PAYS BASQUE
((Episodio della serie tv Around the World / Inghilterra, 1955). R.: Orson Welles. P.: ITV. 35mm. bn. L.: 714m. D.: 27’ a 24 f/s.
Film Notes
“At the moment in which we finish with this critical bio-filmography, the final entry in Orson Welles’ body of work, we have only to mention his involvement in television. It is with this new art, a synthesis of cinema, journalism, theater and radio, that we would like to conclude our study even if the circumstance isn’t impending.
In fact, Orson Welles, abandoned by the cinema, found the expressive possibility in television that Hollywood refused to give him.

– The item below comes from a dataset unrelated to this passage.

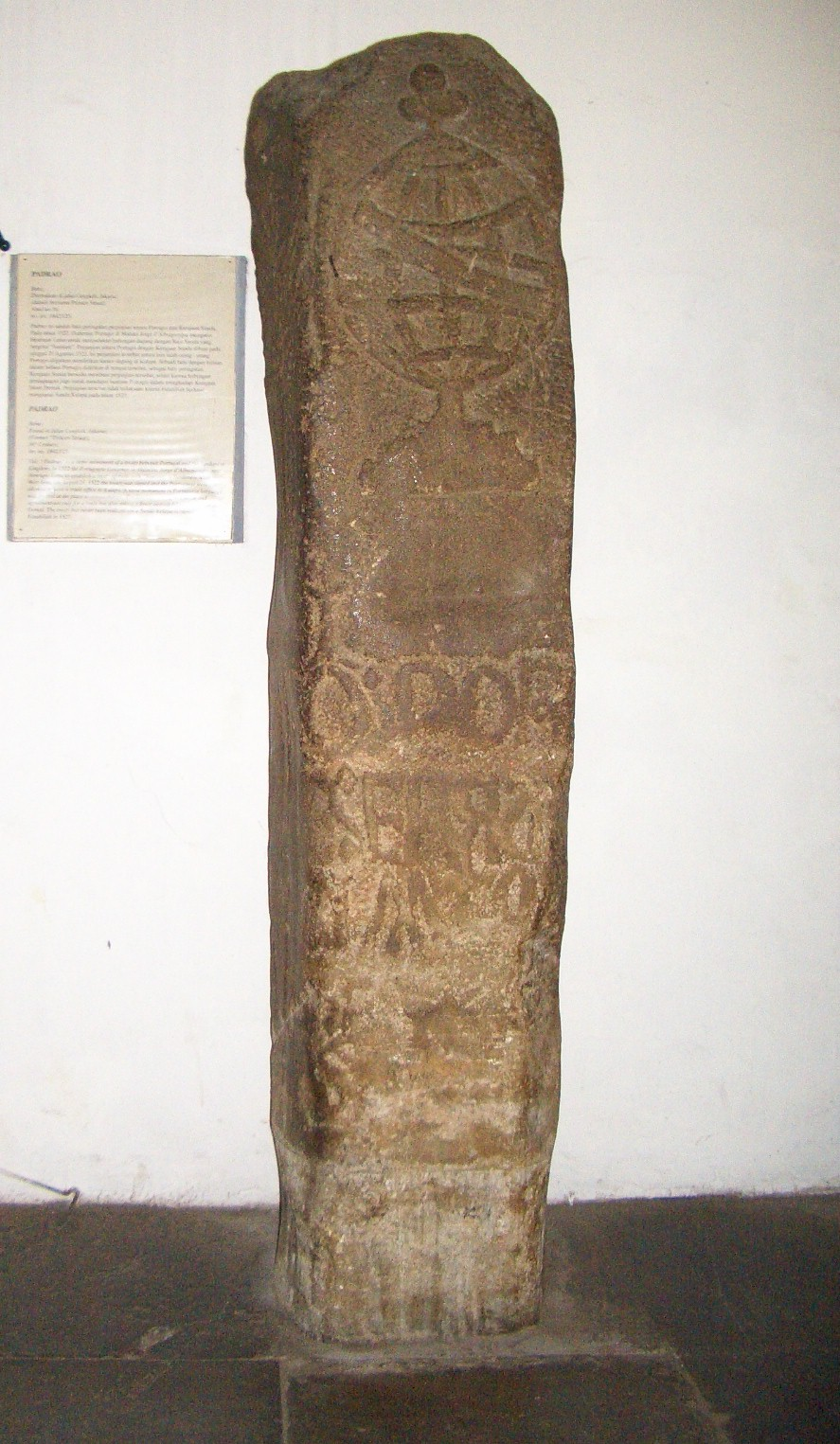 Luso Sundanese padrão, Indonesian National Museum, Jakarta, Indonesia. Photo made during the author's visit to the museum.

‘The poverty of television is a marvelous thing. The great classic film evidently doesn’t fit on the small screen; television may be the nemesis of classic cinematographic values, but not of cinema itself. It is a marvelous form of expression, in which the spectator finds himself just a meter and a half from the screen, and although it is not a dramatic form, it is a form of narrative: television is the ideal medium of the storyteller. On television one is able to say ten times more in ten times less than the cinema because it addresses only two or three people. And overall, television addresses the ear. For the first time, in relation to television, the cinema defined its real value, found its true function, for the fact that it speaks, given that the most important thing is that which one says, and not that which one shows. The spoken word, therefore, is no longer the nemesis of film: given that television is nothing more than an illustrated radio, film itself does nothing more than reinforce the spoken word.

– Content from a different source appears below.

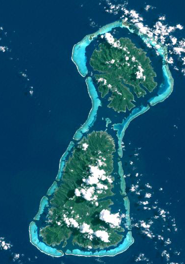 Satellite Image of the Islands of Taha'a and Rai'atea (French Polynesia) in the Pacific Ocean

Overall, T.V. is a way to satisfy my tendency to tell tales, like the Arabic narrators in their markets and public squares. I personally have a passion for this thing; I never tire of story-telling, you know, so I end up making the mistake of believing that everyone has the same enthusiasm! I prefer short stories to drama, plays and novels, which is an important characteristic of my tastes. I find ‘great’ novels with tiring: short stories are pleasing to me’”. (André Bazin, Orson Welles, Editions du cerf, I like1972).